The court’s ruling applies not just to police officers, but to victims of crime broadly. In the opinion, Couriel writes that “there is no textual basis in Marsy’s Law for the idea that victims’ names are categorically immune from disclosure.”
The group Marsy’s Law for Florida expressed disappointment Thursday in the ruling being applied to all crime victims. The organization came out last month against using the law to protect the names of law enforcement officers who use force on duty, but said this ruling was too broad.
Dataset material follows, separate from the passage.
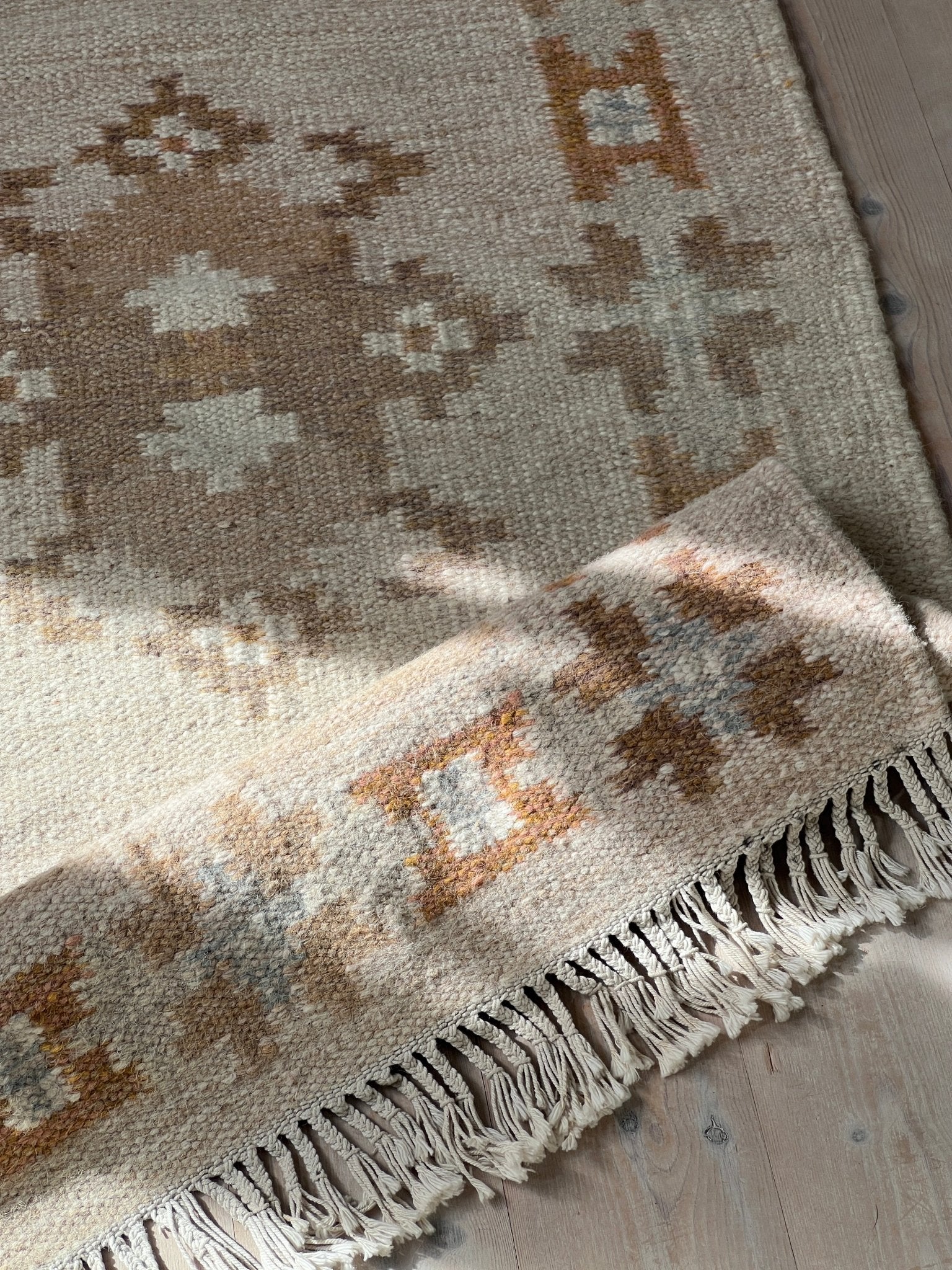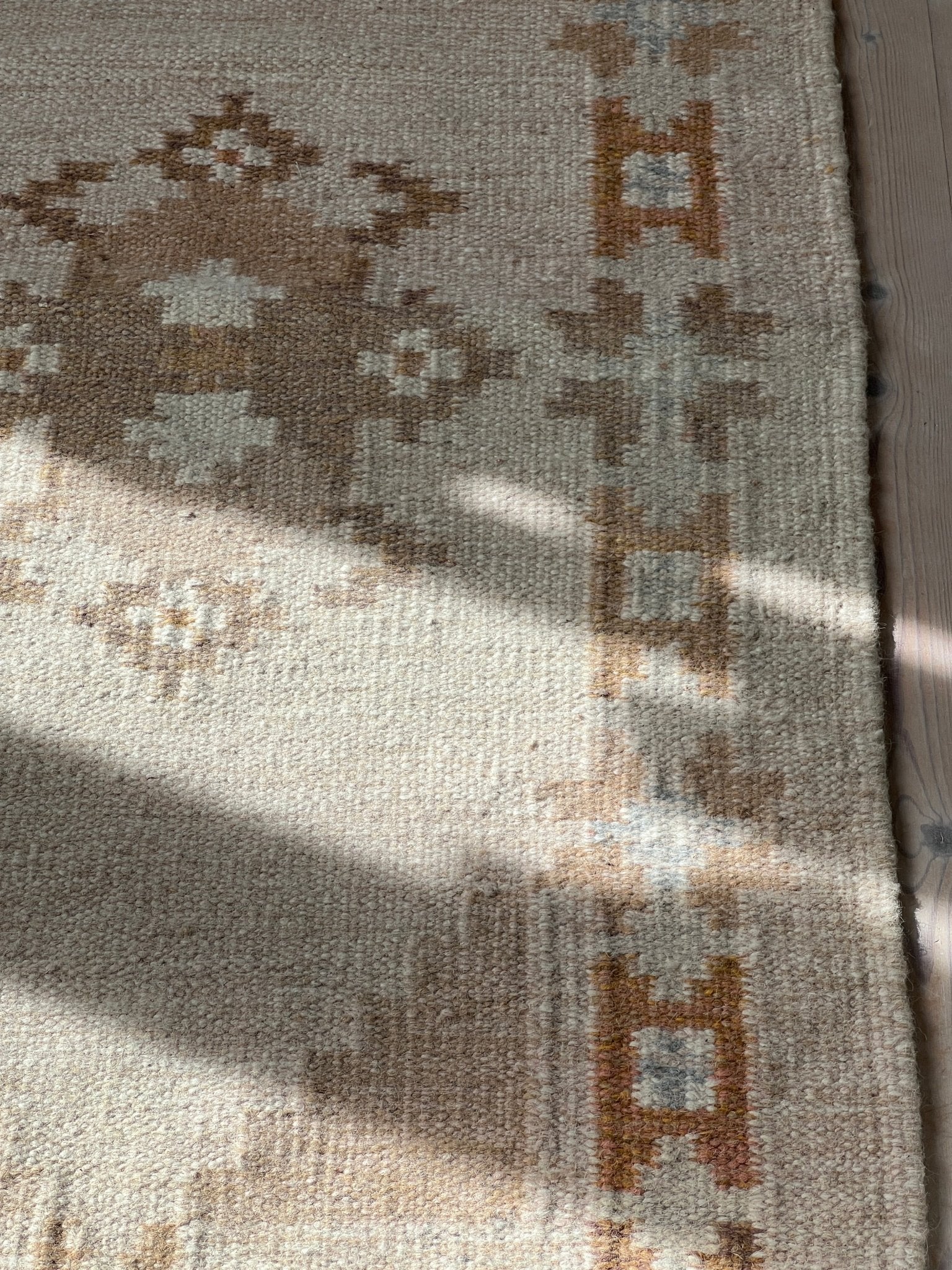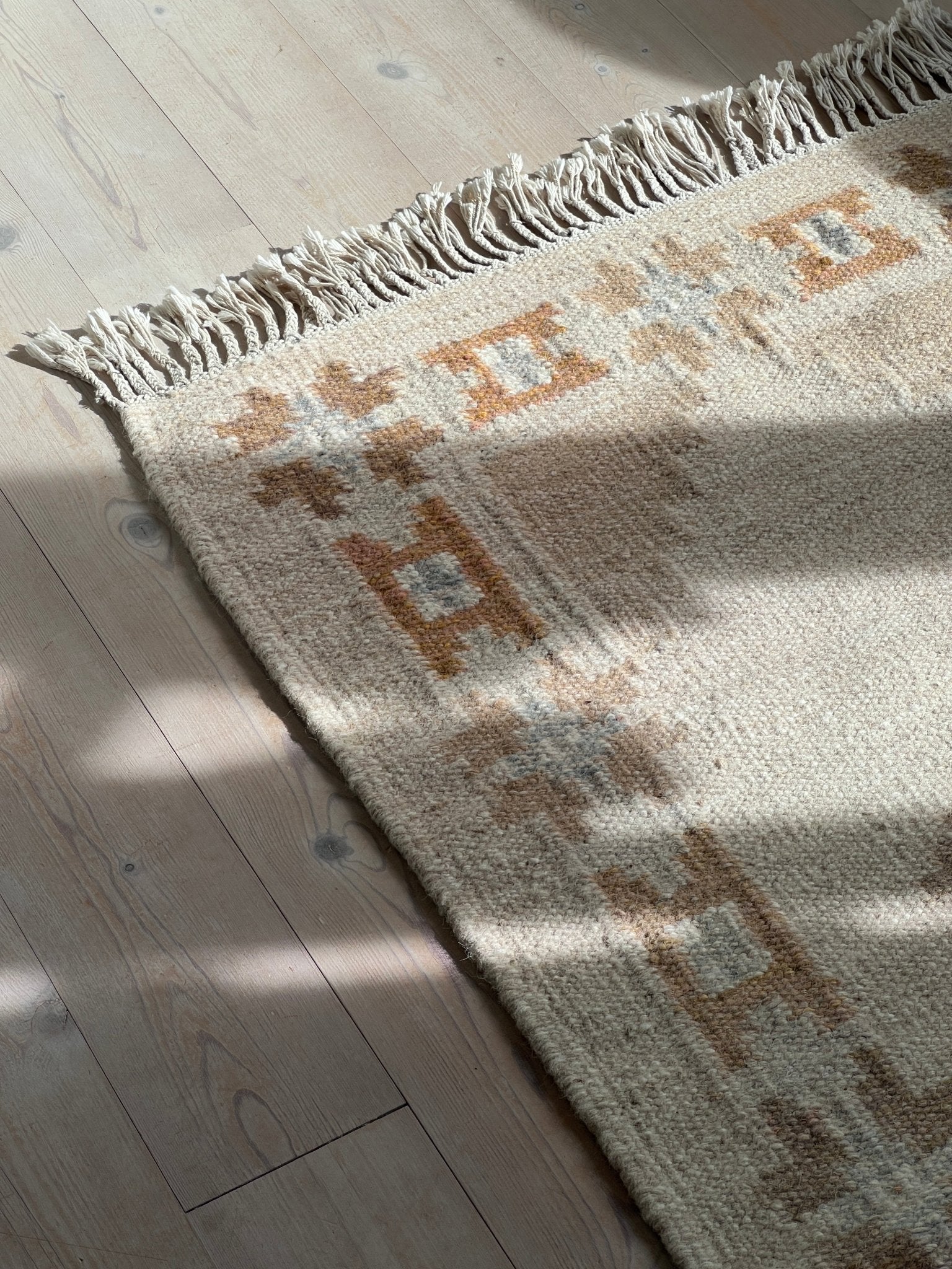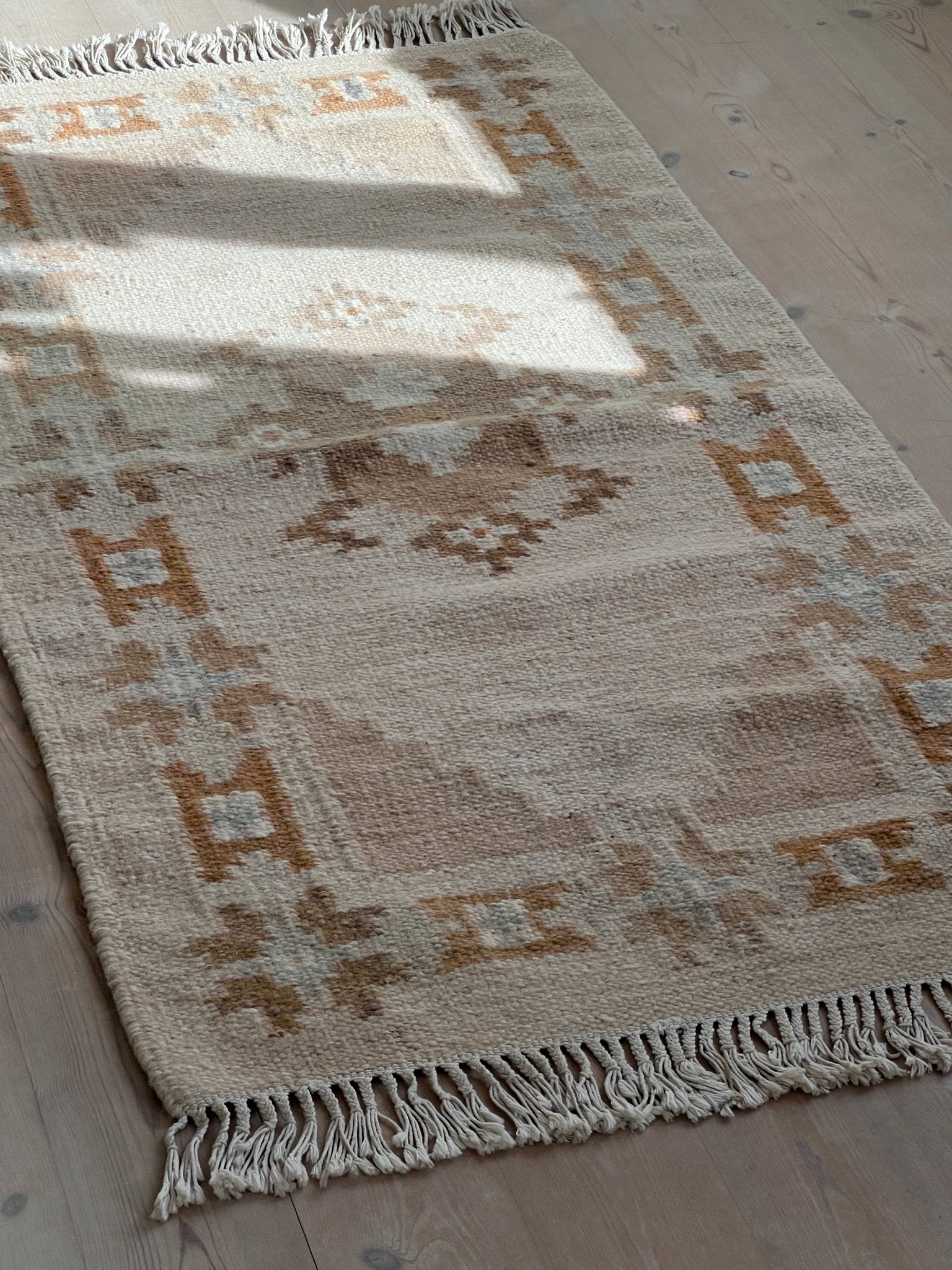 Flatweave rug in a lovely almond colour with a hint of sky blue. In very good vintage condition.

“With the technology available in today’s day and age, it defies common logic that access to a victim’s name cannot be used to locate or harass that victim,” spokesperson Jennifer Fennell said in a statement. “With this ruling, the Florida Supreme Court has removed a right which Florida crime victims have been using for nearly five years and have been relying on this protection for their own safety.”
Couriel wrote that the court’s ruling does not prevent the Legislature from expanding the law to exempt more information, but that Marsy’s Law as it stands does not “guarantee to crime victims a generalized right of anonymity.”
John Kazanjian, the president of the Florida Police Benevolent Association, said he was shocked that the court interpretation lumped in the police officer question with victims in general. Kazanjian said lawmakers have been reaching out to him since the ruling was released, and that he intends to push for changes in the law.